Spirituality and Just Tuning in American Experimental Music

Spirituality and Just Tuning in American Experimental Music

That irresponsible shootings-off at the mouth are my specialty will come as no surprise to regular NewMusicBox readers. In fact, before I wrote the post you’re about to read, I’d put down a completely unwarranted excoriation of a noted conductor for his characterization of lively Beethoven tempi (in accordance with the master’s metronome markings) as “dangerous.” When it was pointed out to me by Founding Editor Frank J. Oteri that this very conductor was among the first scholars to reexamine the ramifications of Beethoven’s metronome markings, it was clear that slamming him on the historicity of his conductorial decisions was a no-go. Instead, I agreed—grudgingly—to talk about a subject I actually know a little about.

I spent the last few years working, on and off, on a short history of spirituality and just tuning in American Experimental music. (You can download it here.) If you’ve spent much time in the American new music community, you’ve probably encountered a stock JI enthusiast: Wild-eyed, emitting an eerie Plateau-of-Leng-type intensity, happy to expostulate at length about the merits of 13-limit scales versus 11-limit. Their unique fusion of post-Helmholtzian mad science and bright-burning conviction can be intimidating at first, but they have a passion for their craft that’s genuinely admirable—and truly rare in today’s cynical contemporary music scene. And even if you’ve never met one of these fellows personally, you’re probably familiar with the striking sound of JI music, a sensation that has, on occasion, prompted me to reevaluate some of my deepest aesthetic beliefs. Talking about pieces by the likes of Harry Partch, Ben Johnston, and La Monte Young—the three central figures in my article—does their music no justice at all; even more than most music, it has to be heard to be grasped. And what’s more striking yet (and, for someone trying to write coherently about it, more discouraging) is that, just as these composers seem sometimes to be hinting, the sound of just intervals threatens to obviate anything you could write about it. If you believe in JI even a little bit, it relegates plodding, workaday scholarship like mine to irrelevance.
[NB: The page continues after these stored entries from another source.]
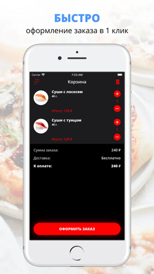Скачивайте наше приложение, оформляйте заказ и наслаждайтесь любимой едой, где бы Вы ни были! Приятного аппетита!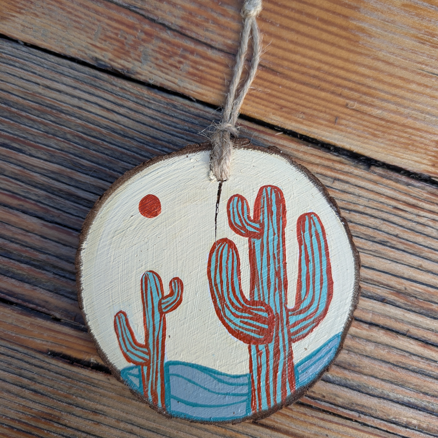 These beautiful ornaments are hand-painted on wood slices made from natural pine wood with bark.
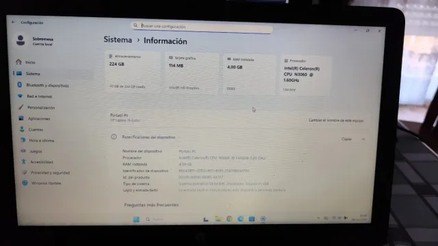 Portátil HP Celeron 4GB RAM 224GB Almacenamiento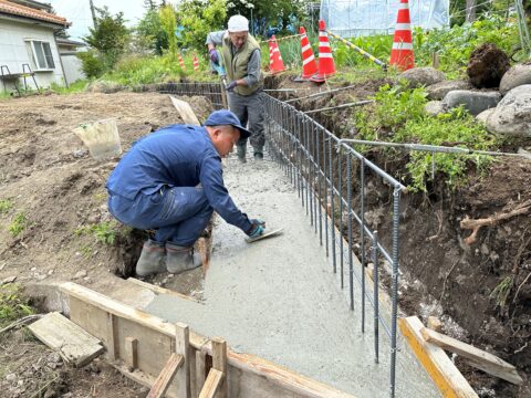 今回の工事はブロック積みと境界のコンクリート壁工事になります。今1番多い工事と言っても良い境界工事!!私たちはコンクリート製品を使うか、その場でコンクリートを打ち込む現場打ちを行うかのどちらかになります。どちらも良い点、悪い点があります。コンクリート製品を使う方は施工が早く、少しだけ安価になります。ただし耐久性は現場打ちの方が高くなります。悪い点は、逆のことを言います。コンクリート製品は耐久性が現場打ちに比べ弱いです。また現場打ちは少しだけコンクリート製品より高いです。どちらを取るかは現場を見て一緒に考えていくのが平沢土建株式会社です。1人で悩む前にまずご相談をお願いします。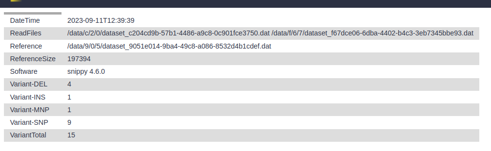 outdir: A tarball of the Snippy output directory for input into Snippy-core if required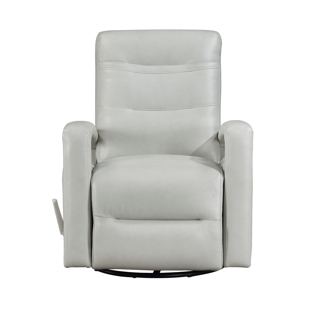Modern lines and plush comfort combine to create the Camden Collection. Breathable faux leather covers the swivel glider recliner and is offered in Navy for a perfect complement to your home’s décor. The open arm design lends to the modern profile while side mounted pull handle engages the manual reclining mechanism.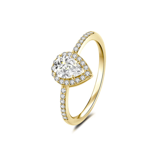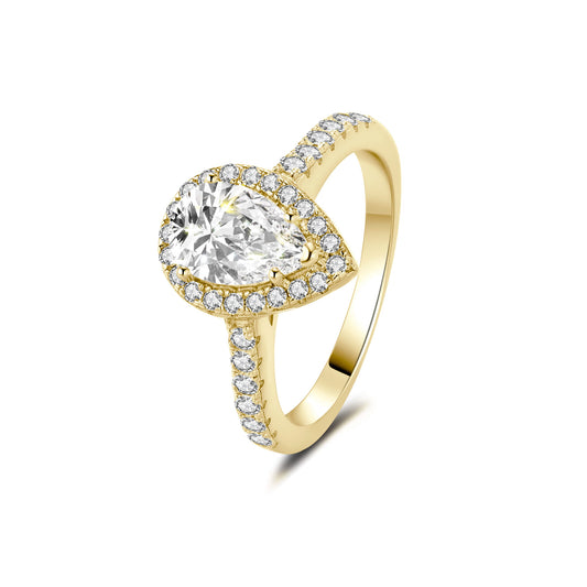 Halo Pear Lab Diamond Ring with Pave 18K Yellow Gold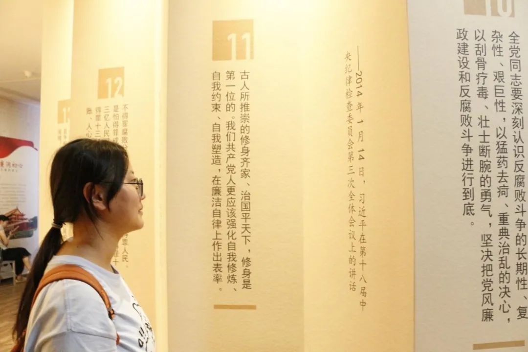 “廉润初心”主题展览整体以“廉”为主题,以“初心”为主线,打造了“执鉴之道,御今之有——中国古代廉政制度文化”、“思以正节,教以养廉——中国古代廉政思想文化”、“君子如玉,温润而泽——中国古代廉政行为文化”、“承古启今,廉润初心——中国近现代廉政文化”四个主题展览,内容丰富、形式多样。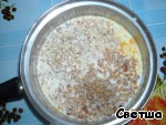 В емкость всыпать цедру, полученный сок, влить два стакана молока и добавить 1,5 стакана хлопьев. Поставить на огонь, постоянно помешивая, довести до кипения и варить 2 минуты. |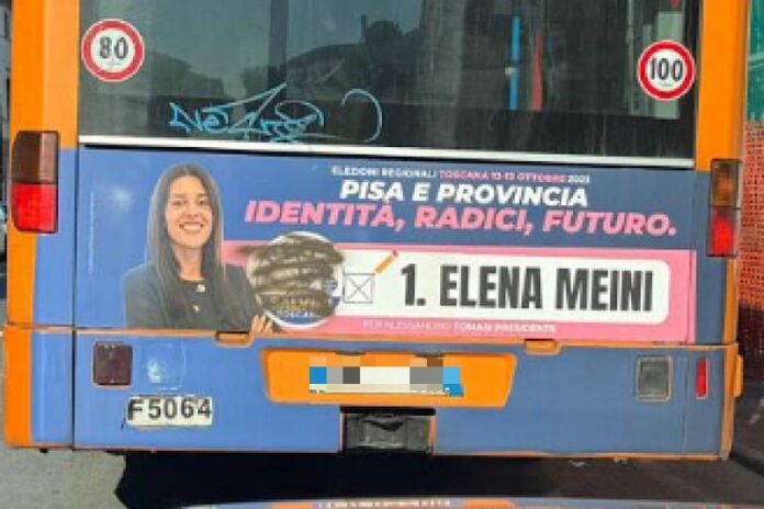 Episodio di vandalismo ai danni di un mezzo pubblico a Pisa. A farne le spese è stato un autobus di linea con la pubblicità elettorale di Elena Meini, Capogruppo in Consiglio regionale della Lega e capolista a Pisa e provincia.

My research took me in some unanticipated directions: For instance, I had to hunt around a bit for information about the USS Augusta, onetime presidential flagship, and I was called upon to investigate the circumstances of Christian missionaries in China during the early days of the 20th century. But the real joy of working on a project like this one is the opportunity to confront a concept of what music should do that differs pretty radically from my own, one whose complex and meticulous chemistry invites you into a kind of seductive utopian hallucination. Take a look at my article if you want, but whether or not you read about this branch of American music, you owe it to yourself to experience some firsthand. Maybe you’ll believe in it, or maybe you’ll just wish you could—but in either case, you’ll be richer for it.

NewMusicBox provides a space for those engaged with new music to communicate their experiences and ideas in their own words. Articles and commentary posted here reflect the viewpoints of their individual authors; their appearance on NewMusicBox does not imply endorsement by New Music USA.
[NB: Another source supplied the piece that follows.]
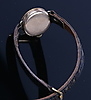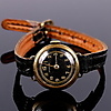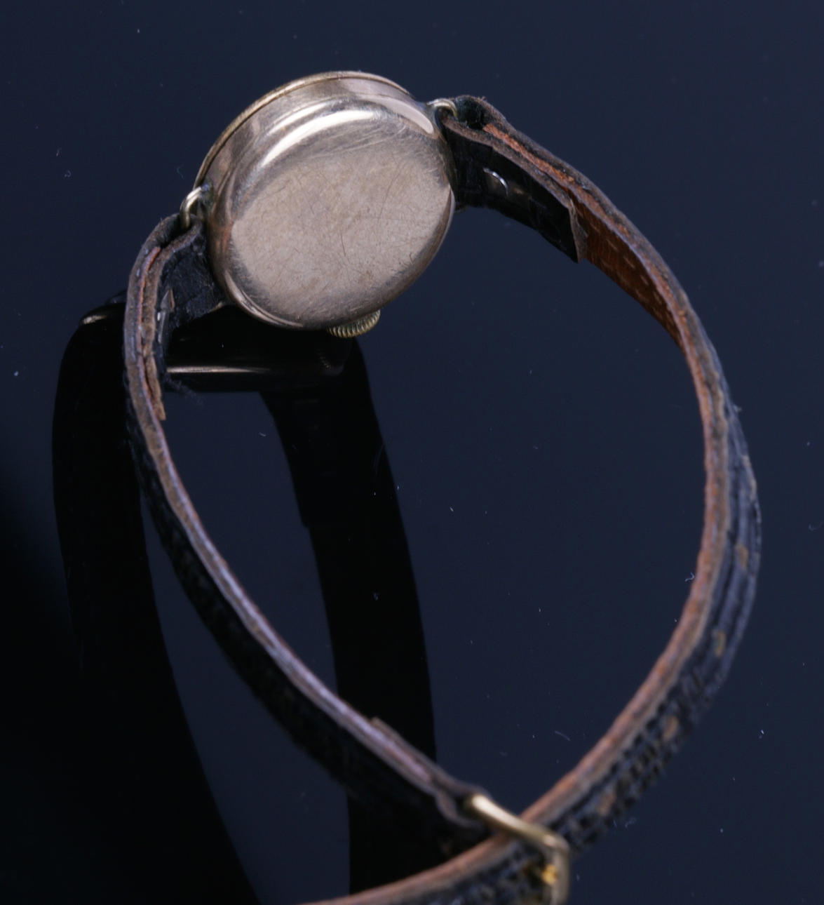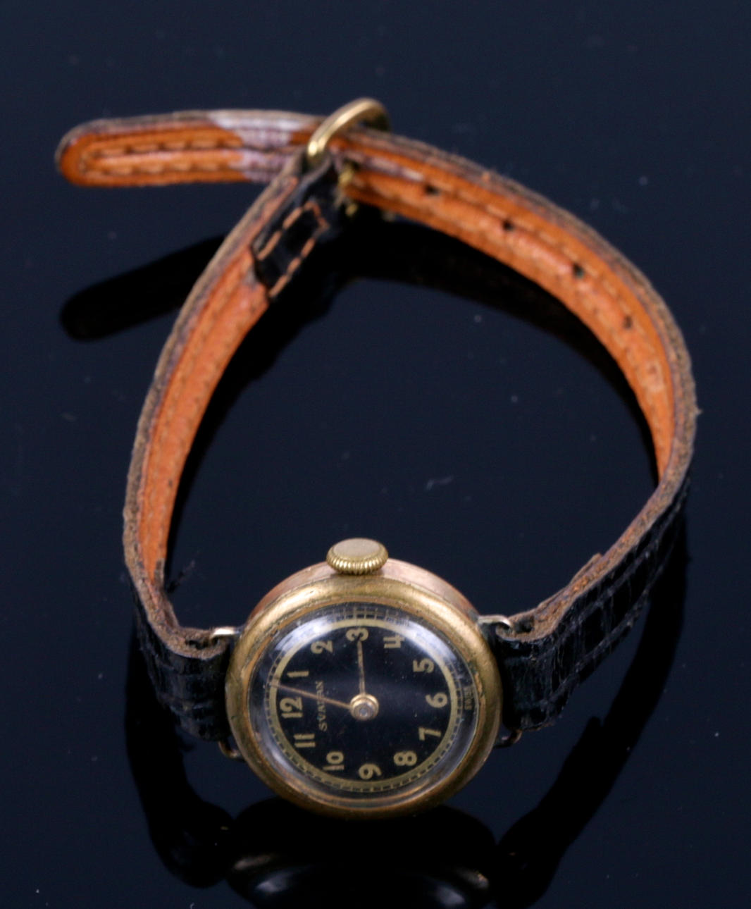 Damur med boett i 14 k guld. Armband i svart läder. Diameter boett 2 cm. Totalvikt 11,47 gram.

2 thoughts on “Spirituality and Just Tuning in American Experimental Music

  1. pgblu

    Despite Colin’s modesty, I second the recommendation that people read this article. I find the ‘angle’ on JI and the tone of your post very thought-provoking — you don’t talk about liking the music, but more about believing in it.

    What exactly does that mean? Can one disbelieve in a piece of music? What leap of ‘faith’ does JI demand of its listener?
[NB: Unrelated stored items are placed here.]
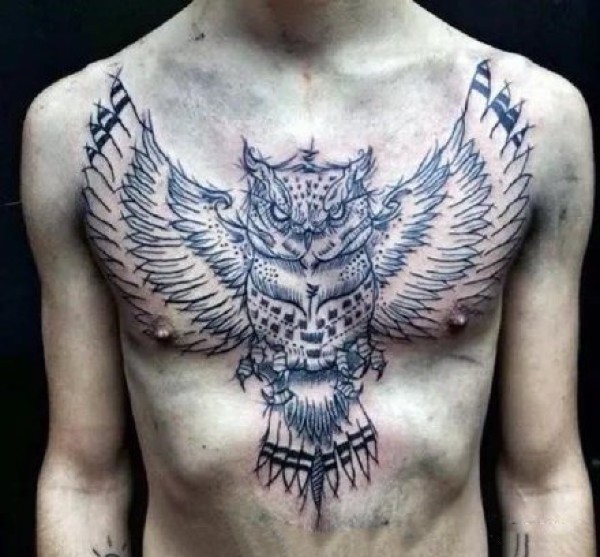 酷酷大面积花胸等猫头鹰纹身作品图案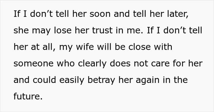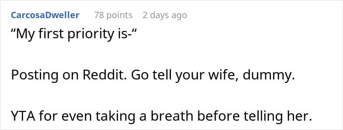 While it’s pretty common to post various stories and queries to the “am I the [jerk]” online group, this was one of those rare ones where most readers thought it wasn’t necessary. After all, the husband hadn’t done anything and was only guilty of perhaps not telling his wife immediately. Indeed, the fact that he had to think about it might actually come back to haunt him.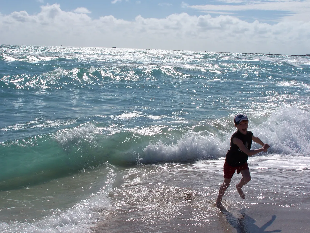 My son played "tag" with the waves while on vacation in South Beach, Miami this past year. He was disappointed he couldn't swim as the waves were too large, but that didn't stop him from having a great time!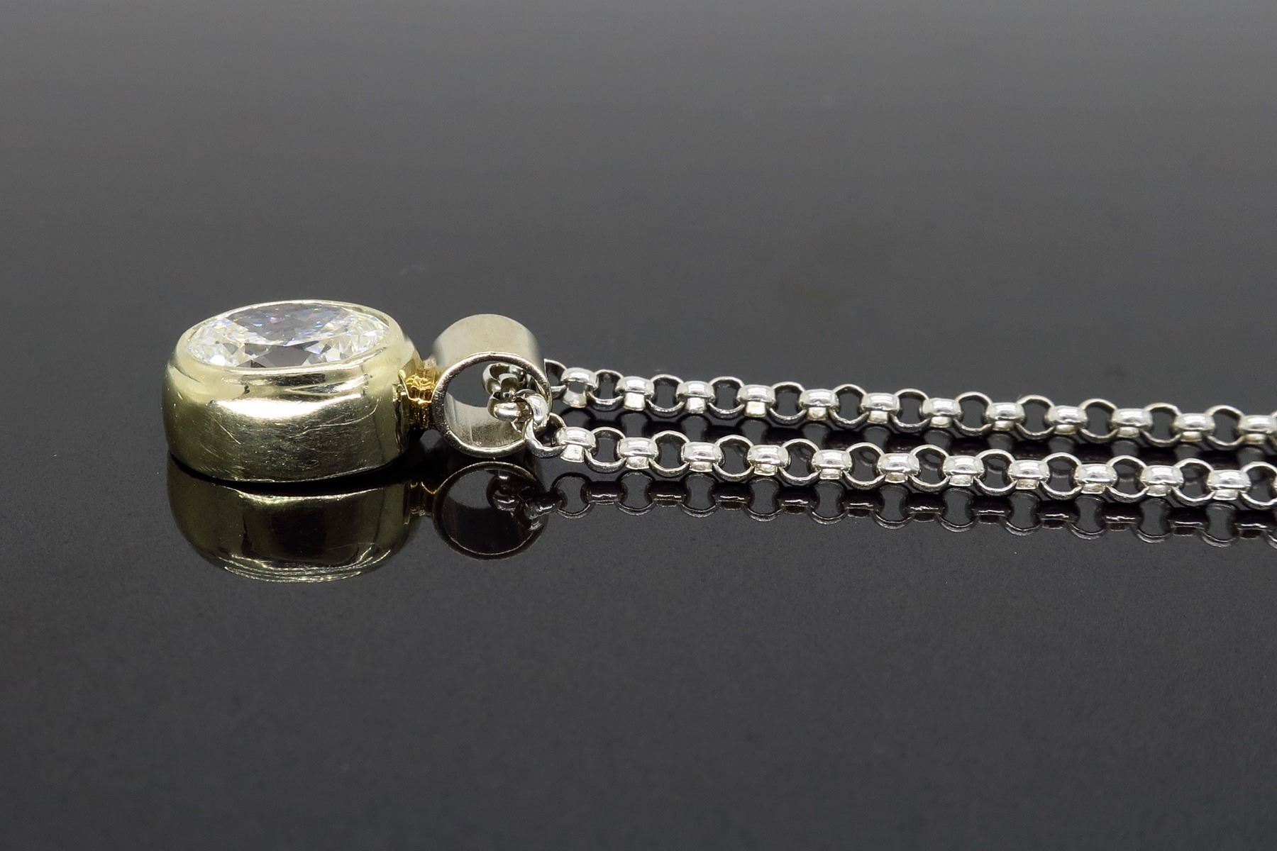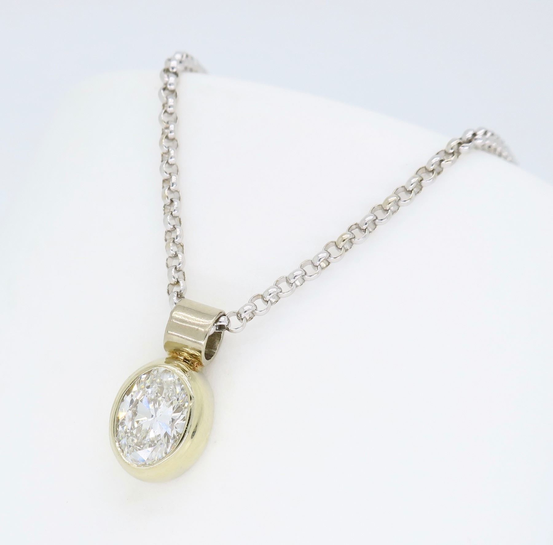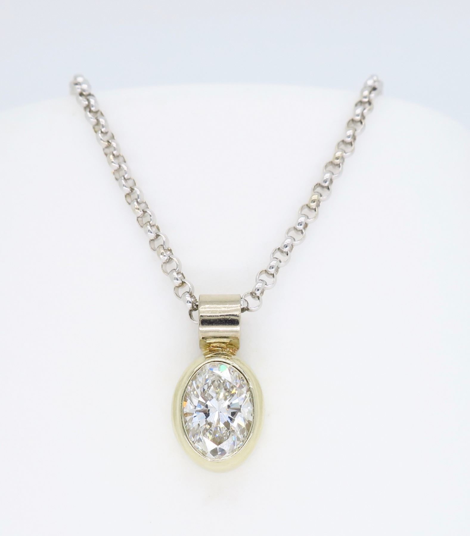 One 14KT Two Tone Gold 0.77ct Diamond Pendant with Chain. (1) Oval Diamond with a total weight of 0.77cts with a color of I and clarity of VS-2. Total weight of this pendant is 5.2 grams. Total length of this chain is 18 inches.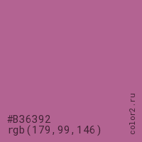 Цвет #B36392 в цветовой модели RGB обозначается тремя октетами (179, 99, 146) в десятичном формате и #B36392 в шестнадцатиричном (hex) формате, которые являются интенсивностью красного 179 (hex B3), интенсивность зелёного 99 (hex 63) и интенсивность синего 146 (hex 92).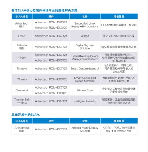 其中,ELAA標(biāo)準(zhǔn)開發(fā)平臺(tái)伙伴,提供基礎(chǔ)核心硬件平臺(tái)以及軟件開發(fā)工具包(BSP);硬件差異化服務(wù)伙伴,則進(jìn)一步結(jié)合底板設(shè)計(jì)、系統(tǒng)整合,以提供硬件客制化、差異化服務(wù),進(jìn)而滿足各式嵌入式或工業(yè)物聯(lián)網(wǎng)應(yīng)用對(duì)硬件的需求;軟件加值整合服務(wù)伙伴,建構(gòu)在上述兩層的基礎(chǔ)上,開發(fā)符合客戶應(yīng)用所需的嵌入式Linux或Android操作系統(tǒng),并協(xié)助客戶發(fā)展其應(yīng)用所需之軟件加值服務(wù)。

    From a perspective of pragmatism, JI certainly requires a leap of faith, that is, one must be convinced enough that JI is worthwhile to take the extra step of e.g., moving all the frets on one’s guitar, learning a new and not-yet-standardized notational scheme, learning to hear strange new pitches and intone them correctly, or even going so far as to build new instruments.

    But from a JI enthusiasts perspective, it’s equal temperament that requires a leap of faith, namely faith that a third that’s 400 cents wide will be heard as a just major third even though it’s too big, or as a great major third even though it’s waaay too small.

    When 11th- to 15th-century types talked about the inherent, ineradicable imperfections of tuning, they too explicitly gave it a spiritual dimension, didn’t they? That’s the basis for distinguishing between musica mundana and musica celestialis and similar dichotomies. The “wolf” is analogous to original sin, and equal temperament is the unspeakably profane attempt to sweep that wolf under the carpet.

    Pardon the mixed metaphor, eh?

    Reply
  2. danvisconti

    Great article, Colin! I’ll echo pgblu’s comments, especially in that you succeeded in really making me understand something of what it feels like to be a JI enthusiast. That’s an element I’ve found lacking in the (admittedly) small amount of literature I’ve encountered on the subject.